• [PROMPT] Copying rule for the data below: take the line containing "Згідно голосування делегатів" and every line after it to the end, exactly, and drop all pictures.

• [SOURCE DATA]
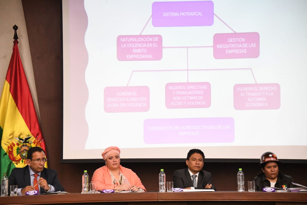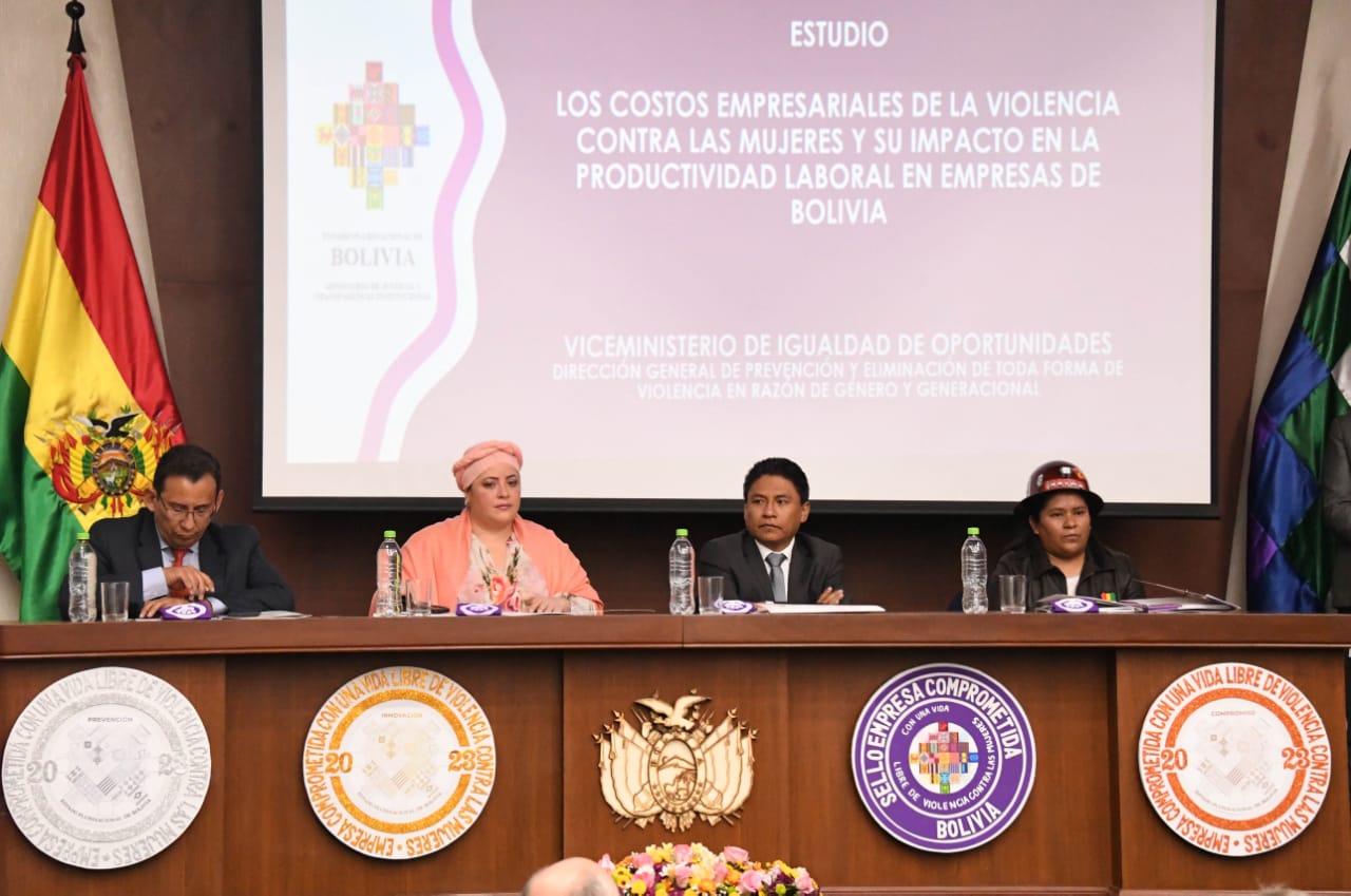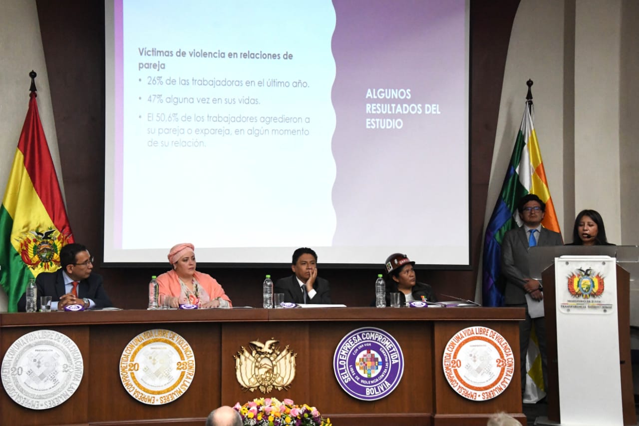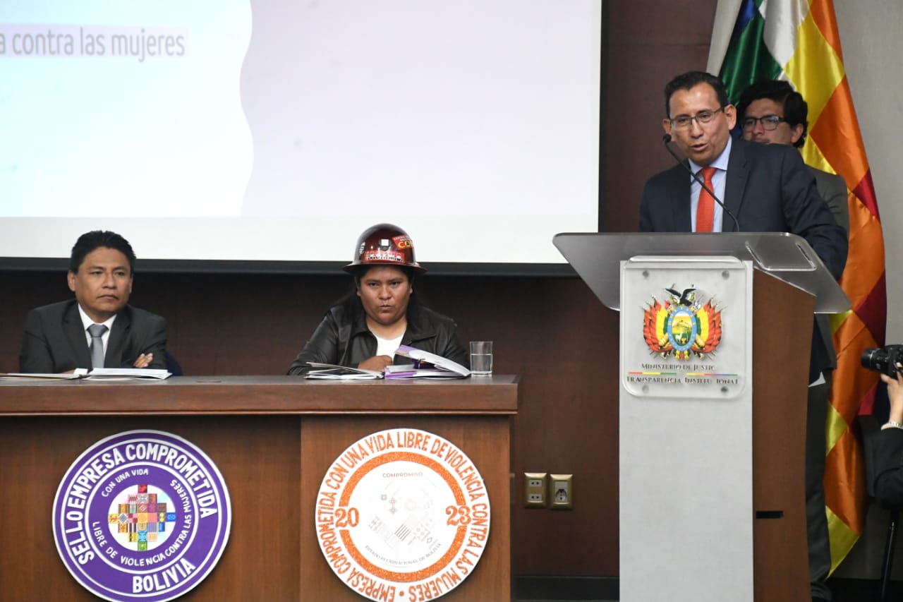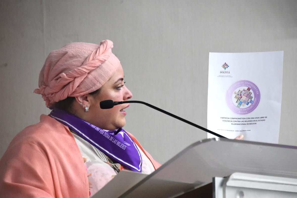 Lanzamiento del Sello Empresa Comprometida con una Vida Libre de Violencia Contra las Mujeres en el Estado Plurinacional de Bolivia, con la presencia de la ministra de la Presidencia Maria Nela Prada y el ministro de Justicia y Transparencia Instituciona
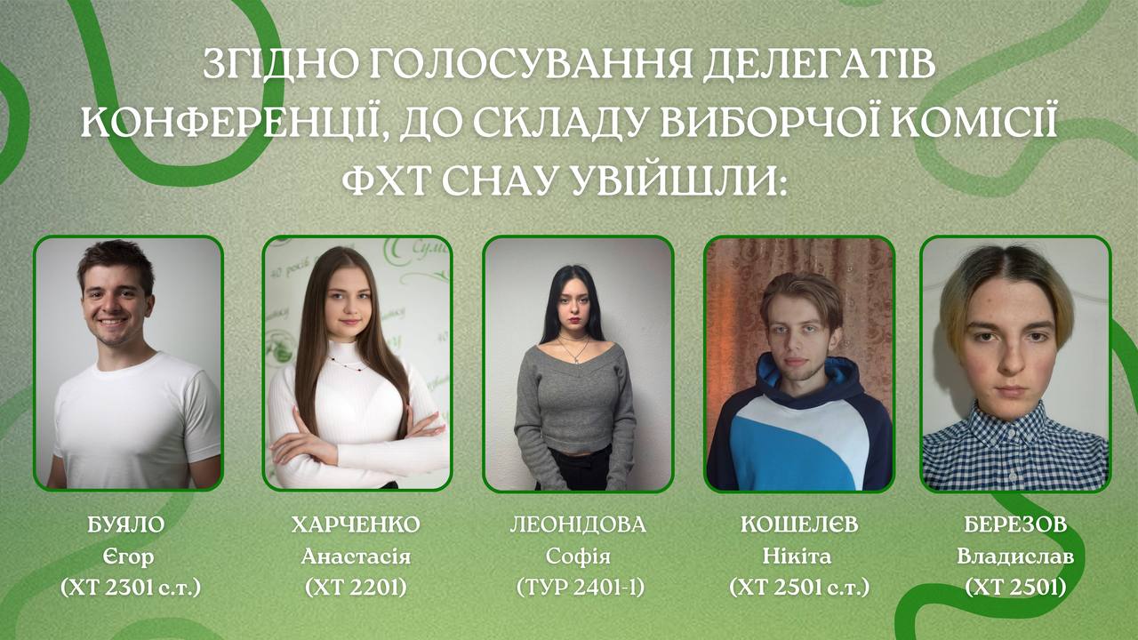 ➡️ Згідно голосування делегатів Конференції, до складу виборчої комісії ФХТ СНАУ увійшли:
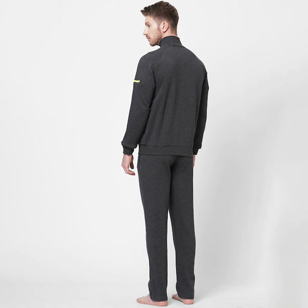 Men Charcoal Solid Night Suit

• [EXERCISE RESPONSE]
 ➡️ Згідно голосування делегатів Конференції, до складу виборчої комісії ФХТ СНАУ увійшли:
 Men Charcoal Solid Night Suit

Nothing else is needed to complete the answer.